Stehr Daniel A, Garcia Javier O, Pyles John A, Grossman Emily D
University of California, Irvine, United States of America.
US DEVCOM Army Research Laboratory, United States of America.
J Neurosci Methods. 2023 Mar 1;387:109808. doi: 10.1016/j.jneumeth.2023.109808. Epub 2023 Feb 2.
Multivariate pattern analysis (MVPA or pattern decoding) has attracted considerable attention as a sensitive analytic tool for investigations using functional magnetic resonance imaging (fMRI) data. With the introduction of MVPA, however, has come a proliferation of methodological choices confronting the researcher, with few studies to date offering guidance from the vantage point of controlled datasets detached from specific experimental hypotheses.
We investigated the impact of four data processing steps on support vector machine (SVM) classification performance aimed at maximizing information capture in the presence of common noise sources. The four techniques included: trial averaging (classifying on separate trial estimates versus condition-based averages), within-run mean centering (centering the data or not), method of cost selection (using a fixed or tuned cost value), and motion-related denoising approach (comparing no denoising versus a variety of nuisance regressions capturing motion-related reference signals). The impact of these approaches was evaluated on real fMRI data from two control ROIs, as well as on simulated pattern data constructed with carefully controlled voxel- and trial-level noise components.

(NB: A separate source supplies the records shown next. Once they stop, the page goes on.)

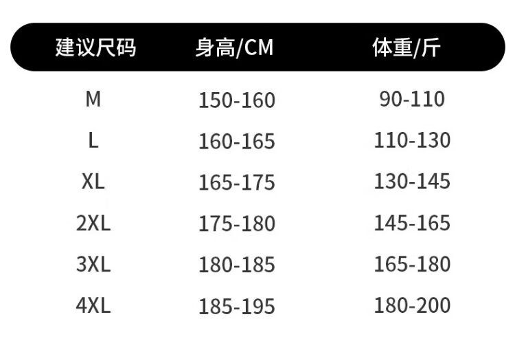 China (cm) 165 / 88-90 170 / 96-98 175 / 108-110 180 / 118-122 185 / 126-130
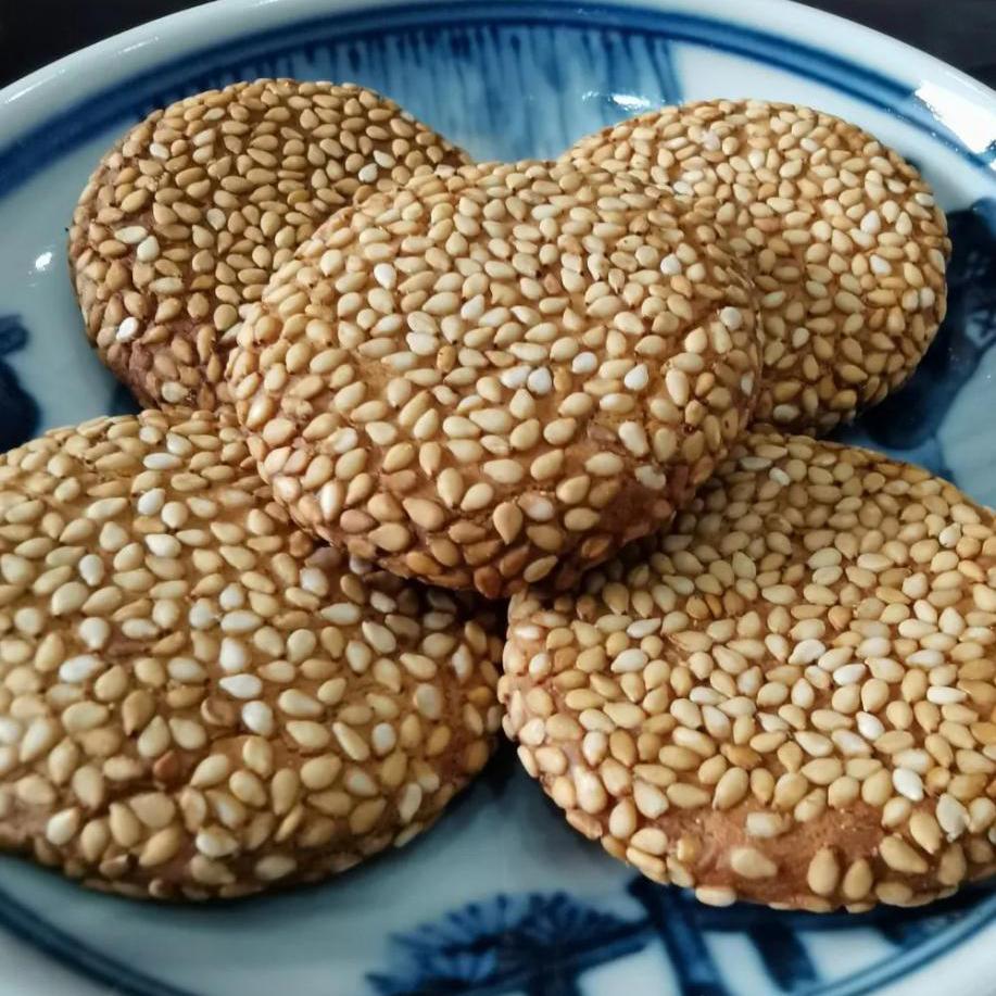 状如铜钱的芝麻铜钿饼,是江南地区过年时招待客人的必备。饼硬币大小,圆形,呈焦黄色,就像古铜币(金华人称铜钱叫“铜钿”),在碟子里高高地摞上一堆,祝福来年发财,主客皆大欢喜!
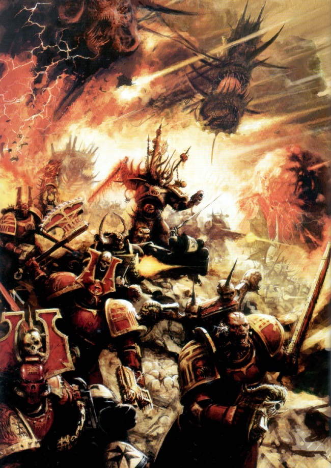 Прибытие огромного и древнего космического халка на внешнем краю системы Армагеддон ознаменовало начала первой из ужасных войн, охвативших эту планету. В этом огромном конфликте, Демонический Примарх Ангрон вёл своих Пожирателей Миров в массивном вторжении на планету-улей. Имперское сопротивление на континенте Армагеддон Прайм было быстро раздавлено, а защитники отступили за обширные экваториальные джунгли, отделявшие Армагеддон Прайм от Армагеддон Секундус. Здесь, под руководством Логана Гримнара из Космических Волков, Имперские силы устроили новую линию защиты и ожидали возобновления атаки. Самодовольный Ангрон, уверенный, что кампания выиграна, потратил недели на воздвижение великих храмов и монолитов своего покровителя — Кхорна, или так казалось. На самом деле, локальный Варп-Шторм, позволивший призвать большую часть его армии, рассеивался, а без его влияния, все демоны из его войска скорее всего были бы утянуты обратно в Варп. Поэтому окружение Ангрона было вынуждено возводить монументы и храмы. И это оказалось ошибкой.

We find significant improvements in classification performance across both real and simulated datasets with run-wise trial averaging and mean centering. When averaging trials within conditions of each run, we note a simultaneous increase in the between-subject variability of SVM classification accuracies which we attribute to the reduced size of the test set used to assess the classifier's prediction error. Therefore, we propose a hybrid technique whereby randomly sampled subsets of trials are averaged per run and demonstrate that it helps mitigate the tradeoff between improving signal-to-noise ratio by averaging and losing exemplars in the test set.
Though a handful of empirical studies have employed run-based trial averaging, mean centering, or their combination, such studies have done so without theoretical justification or rigorous testing using control ROIs.
Therefore, we intend this study to serve as a practical guide for researchers wishing to optimize pattern decoding without risk of introducing spurious results.
多变量模式分析(MVPA或模式解码)作为一种用于功能磁共振成像(fMRI)数据研究的灵敏分析工具,已引起广泛关注。然而,随着MVPA的引入,研究人员面临着大量的方法选择,迄今为止,很少有研究从脱离特定实验假设的受控数据集的角度提供指导。
我们研究了四个数据处理步骤对支持向量机(SVM)分类性能的影响,目的是在存在常见噪声源的情况下最大化信息捕获。这四种技术包括:试验平均(对单独的试验估计值进行分类与基于条件的平均值进行分类)、运行内均值中心化(对数据进行中心化或不进行中心化)、成本选择方法(使用固定或调整后的成本值)以及与运动相关的去噪方法(比较不进行去噪与多种捕获与运动相关参考信号的干扰回归方法)。在来自两个对照感兴趣区域的真实fMRI数据以及由精心控制的体素和试验水平噪声成分构建的模拟模式数据上评估了这些方法的影响。
我们发现,通过运行级试验平均和均值中心化,真实数据集和模拟数据集的分类性能都有显著提高。当在每次运行的条件内对试验进行平均时,我们注意到支持向量机分类准确率的受试者间变异性同时增加,我们将其归因于用于评估分类器预测误差的测试集规模减小。因此,我们提出了一种混合技术,即每次运行对随机采样的试验子集进行平均,并证明它有助于减轻通过平均提高信噪比与在测试集中丢失样本之间的权衡。
尽管少数实证研究采用了基于运行的试验平均、均值中心化或它们的组合,但这些研究这样做时没有理论依据,也没有使用对照感兴趣区域进行严格测试。
因此,我们希望这项研究能为希望优化模式解码而又不会引入虚假结果风险的研究人员提供实用指南。